But you're completely missing the point and fail to realise that you're only targeting a tiny part of the bigger picture. As long as furry ( a fandom for half *animal* characters ), is  associated with sex in any way/shape/form its mambers will always bee seen as zoos and beasties in denial using 'anthro' as an excuse. But none of you seem to realise that.. you all seem to think, just eliminating zoos, is enough, but it is not.

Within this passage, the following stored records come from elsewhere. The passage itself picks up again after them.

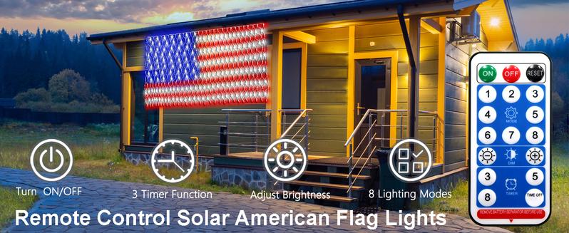 Remote-Controlled Solar Flag Light:Our solar flag light remote offers 8 Lighting Modes / Brightness Adjustment / Timing Settings, and the remote range is about 10ft. Show Your American Pride at Night Time 4th of July Red White Blue Decorations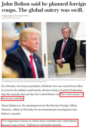 俄罗斯外交部发言人扎哈罗娃则呼吁对博尔顿的言论进行国际调查,“我们要知道美国还在世界其他哪些地方策划了政变”。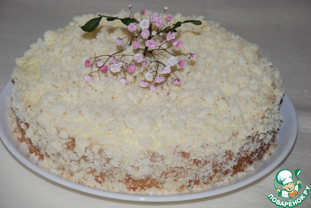 Нарезать извлеченную центральную часть торта на мелкие кубики либо порвать руками в крошку.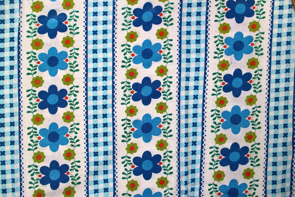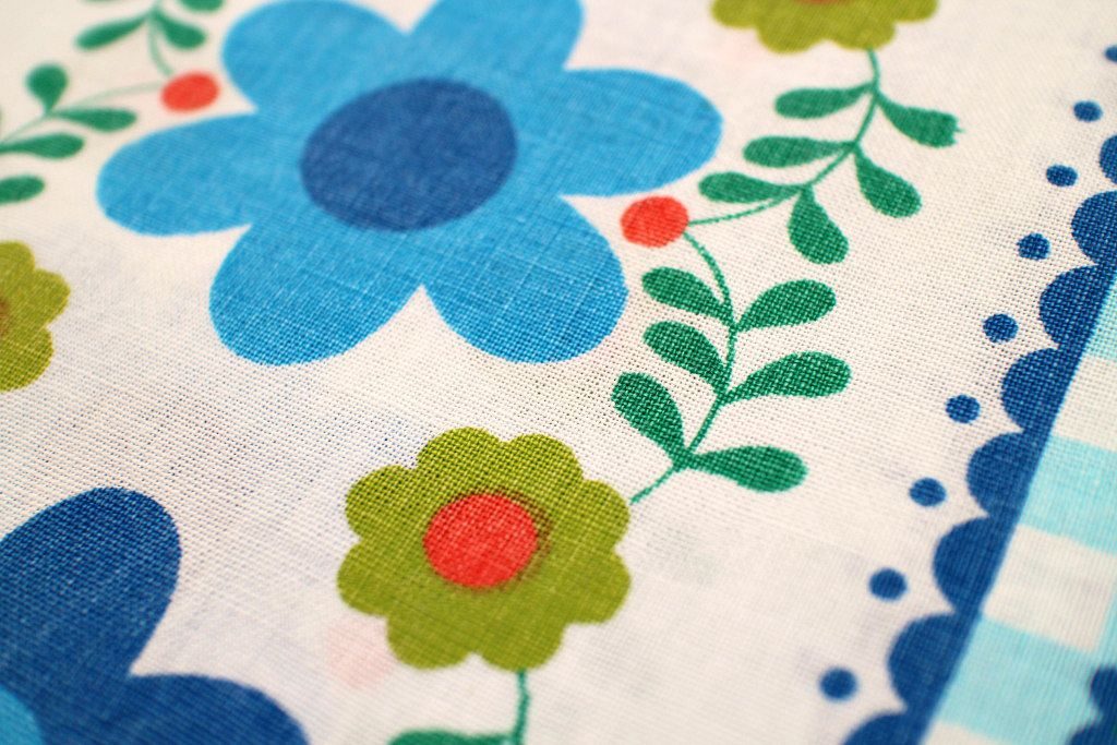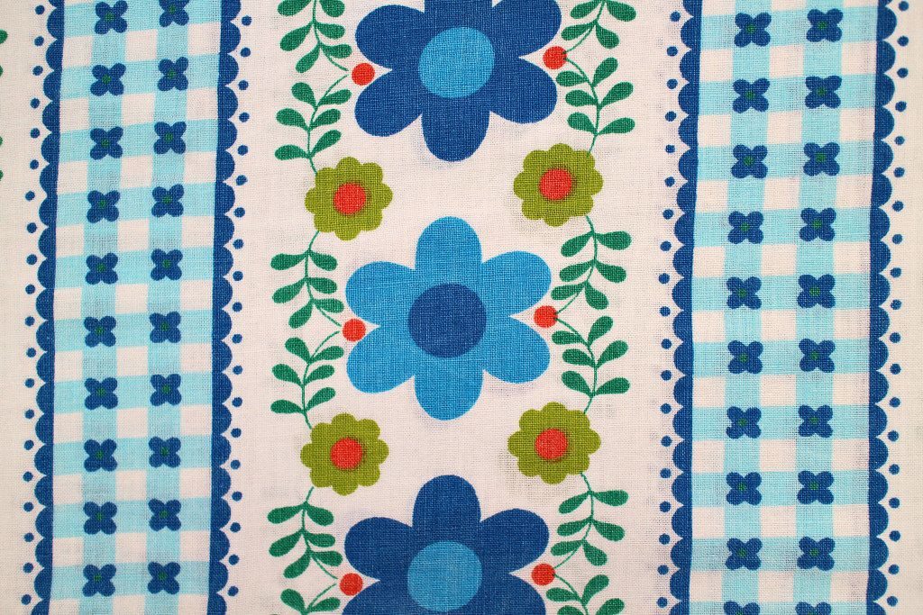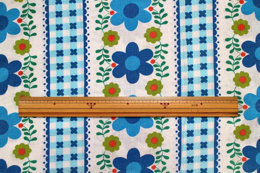 青と水色のキュートな花模様が交互に並んだコットン製レトロ生地。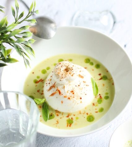 Aujourd’hui, je vous propose une recette simple mais raffinée : Crème de Petits Pois au Basilic, Burrata et Croustillant Jambon de Parme. Une entrée aussi fraîche que savoureuse, idéale pour accueillir les premiers rayons du soleil.
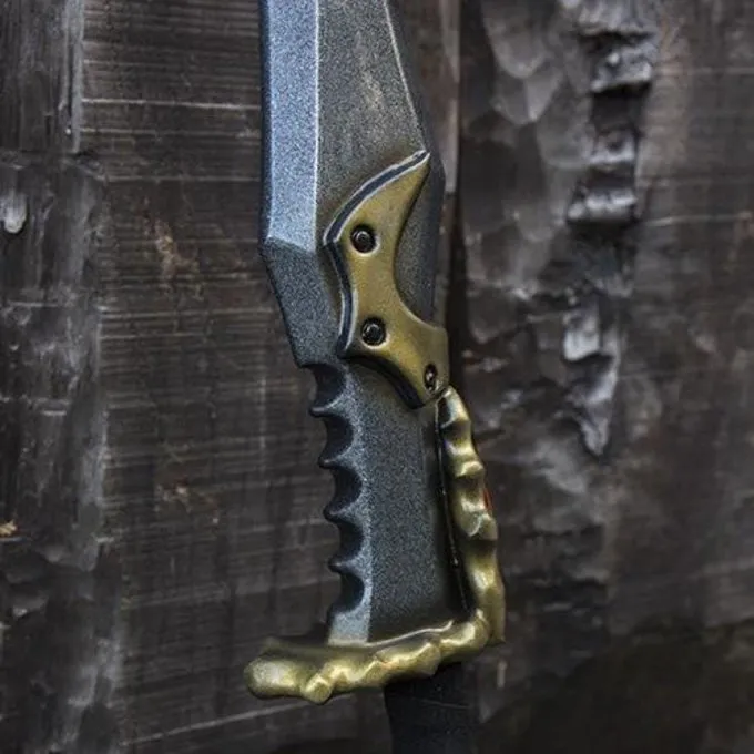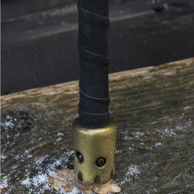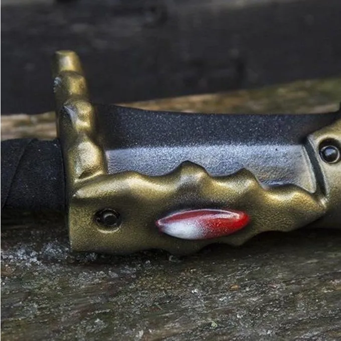 Soul Stealer, LARP sword with a gold-colored pommel, cross-guard and ornaments. This weapon has a glass fibre core with a layer of durable foam that is coated with a strong layer of latex. The total length of the sword is approx. 110 cm, with a blade of 80 cm, a grip of 24 cm and it weighs 420 g. The tip is enforced with kevlar, for extra security. The sword is handmade and manually colored so every item is unique. Because of the material we do not recommend leaving the sword in the sun for a longer period of time. Epic Armoury swords meet high safety standards.
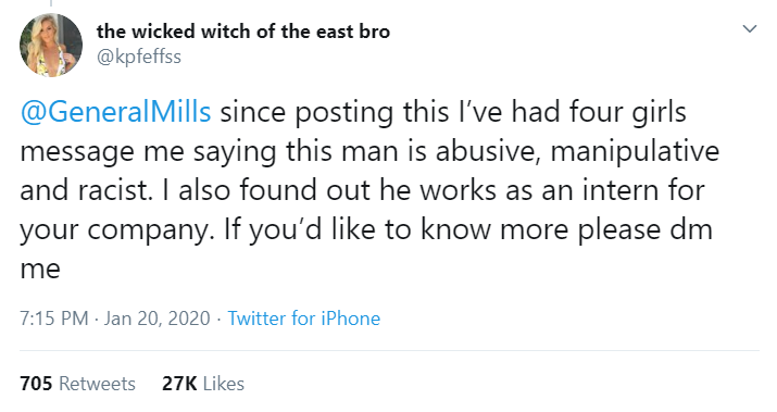 “@GeneralMills since posting this I’ve had four girls message me saying this man is abusive, manipulative and racist. I also found out he works as an intern for your company. If you’d like to know more please DM me,” she wrote on Twitter as she got the company that employed the guy involved.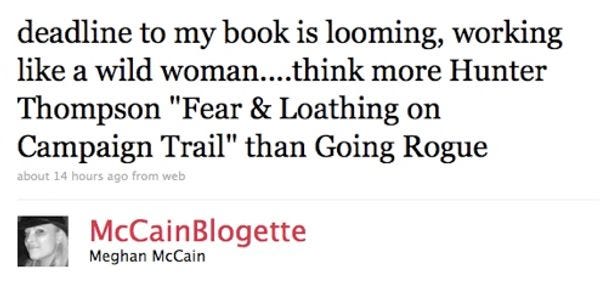 We're trying to ignore Meghan McCain for a while but come on, this is hot news! Her book will be more Hunter S. Thompson than Sarah Palin, okay. Does that line sound familiar? Because it's exactly what James Joyce Twittered as he was finishing up Ulysses in the late 1910s. [ Meghan McCain's Twitter ]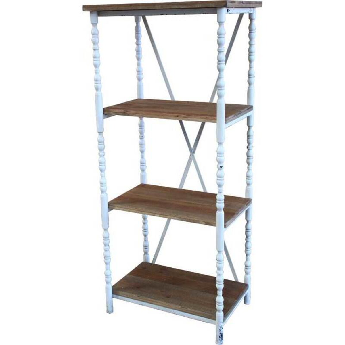 The four shelves will be a great advantage for your storage needs. The tall stand with four shelves stands at a total height of 136 cm and a width of 57 cm , most useful in any home that is constantly in need of better organization in its cluttered rooms. The strong structure comes from the fact that the frame is made of metal that gives the shelves also this lightweight feature and thus it can be carried around and placed in which ever place one wishes to. The shelves are made of wooden planks that are given a rustic finish. The metal frame has an archaic look with design reminiscent of period piece furniture, for example the bauble ribs and the rather ornate look it produces and also the fact that despite its lightweight feature its has great stability and balance. This could be sued in the outdoors to place some potted plants, in the children's room to hold all their books and toys or simply as rack in the closet as regular shelf unit. The feature that attracts most is the dual tone colour - the brown of the wood alongside the white of the iron frame.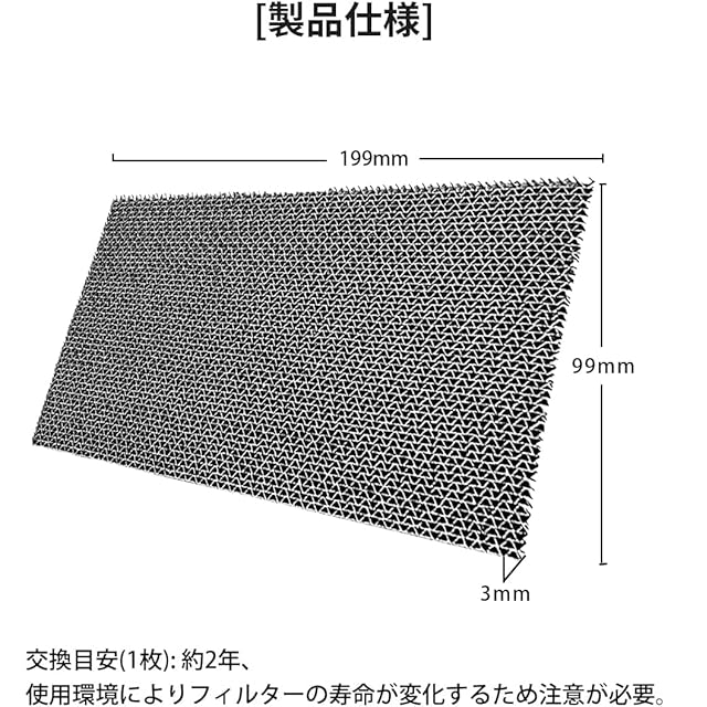 【製品仕様】外寸(mm): 横199×縦99×厚5。注記: 1.水洗いしないでください。2.抗ウイルスフィルターと集塵・脱臭フィルターは、併用できません。

Users on FAF, like my running example (trpdwarf) are more than capable of showing that they want zoos out of the fandom and don't associate themselves with them, without witchunting. I should point out that what's started here may well result in a ban for the members involved, irrespective of what one idiotic member posted on the forums that got himself k-lined.


----------



## Volkodav (May 1, 2010)

Browder said:


> That's just the point. It might not even be someone who's participated in zoophilia. It could be sarcasm, humor, or idiocy. Policing people's words, _especially_ on an art site, is a slippery slope.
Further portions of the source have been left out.